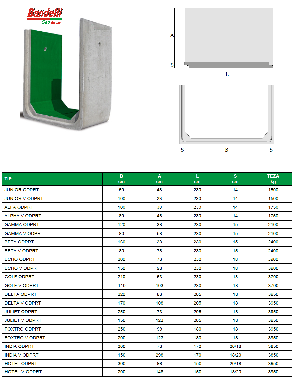 Kanali, izdelani z odprtimi modularnimi škatlastimi elementi, se uporabljajo za pretok voda in za transport različnih materialov.
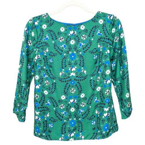BODEN Green Blue Floral Viscose Silk Blend Blouse 3/4 Sleeves Women's UK 6 US 2
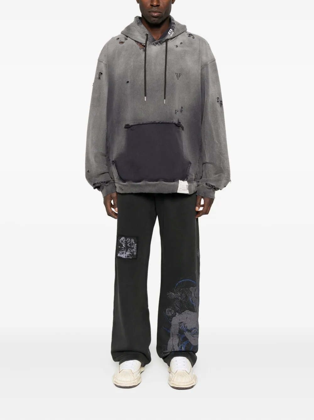 Хлопковое худи с эффектом потертости Maison Mihara Yasuhiro, черный 55 227₽

⁂

TASK INSTRUCTIONS:
Only the pictures are to be left out, and all of the data must otherwise be transcribed exactly.

WRITTEN ANSWER:
 Kanali, izdelani z odprtimi modularnimi škatlastimi elementi, se uporabljajo za pretok voda in za transport različnih materialov.
BODEN Green Blue Floral Viscose Silk Blend Blouse 3/4 Sleeves Women's UK 6 US 2
 Хлопковое худи с эффектом потертости Maison Mihara Yasuhiro, черный 55 227₽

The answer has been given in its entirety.